Notice that this formula is a weighted sum of the variables and so it can be used as the objective function for a linear programming (LP) problem (where the x(i,j) variables can possibly take on fractional values, not just 0 and 1).  To use this observation to obtain TSP lower bounds, we just need to build some constraints on the variables that capture some of the properties of tours.

To start off, notice that for each city i we must select two of the roads that start or end at i (since we need to arrive at city i and then leave again).  We know, therefore, that if we add up the n-1 variables that correspond to these roads we must get the sum of 2.  We use this to get the following simple LP relaxation of the TSP known as the fractional 2-matching LP.

Minimize   dist(1,2)x(1,2) + dist(1,3)x(1,3) + ... + dist(4,5)x(4,5)
Subject To
x(1,2) + x(1,3) + x(1,4) + x(1,5) >= 2
x(1,2) + x(2,3) + x(2,4) + x(2,5) >= 2
x(1,3) + x(2,3) + x(3,4) + x(3,5) >= 2
x(1,4) + x(2,4) + x(3,4) + x(4,5) >= 2
x(1,5) + x(2,5) + x(3,5) + x(4,5) >= 2
x(1,2) >= 0,  x(1,3) >= 0,  ... ,  x(4,5) >= 0

Each tour (or more precisely, the corresponding assignments of 0's and 1's to the variables) satisfies all constraints of the LP and is therefore a candidate LP solution.  Of course, there are many LP solutions (including fractional ones) that are not tours and so we would not often be able to solve the TSP by applying the simplex method to the LP.  If we are lucky, however, and the optimal solution to the LP is indeed a tour, then we know that this tour is also an optimal solution to the TSP (since the LP objective minimizes the tour length and every tour is a candidate LP solution).

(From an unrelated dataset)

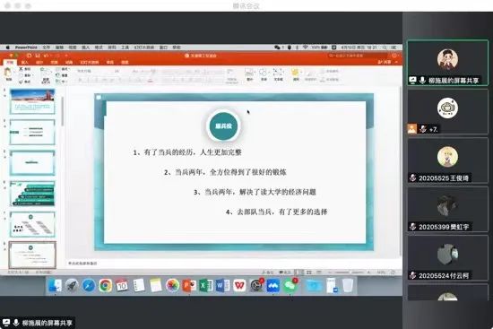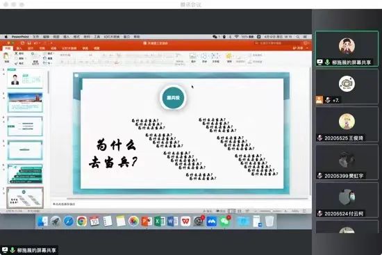 本次宣讲会邀请到学院2020届教育经济与管理专业优秀毕业生柳施展,现工作于杭州电子科技大学军事理论与技能教学中心,主要负责大学生征兵入伍,军事理论教学,军事技能训练,退役军人资助等工作。柳老师结合自身入伍经历,切实从学生角度出发,讲解从军入伍的各项优惠政策,如经济上给家里减轻负担、部队提干、考研士兵专项计划等。

Even in the more common case when the optimal LP solution does not correspond to a tour, the optimal value of the objective function is a lower bound for the TSP since no tour can give the objective a smaller value.

The question of the quality of this lower bound brings us back to the control-zone bound for the TSP.  Given a non-overlapping collection of disks, twice the sum of their radii is also a lower bound for the fractional 2-matching LP!  Moreover, the optimal objective value of the LP is equal to the value of best bound that can be obtained with control zones!

The first of these two remarkable facts is easy to see by examining the form of the LP constraints (the sum of the road variables crossing each disk is at least 2).  The second fact, that the two lower bounds are equal, is not so easy to see, but it follows from an intimate relationship between the control-zone LP and the fractional 2-matching LP known as LP duality.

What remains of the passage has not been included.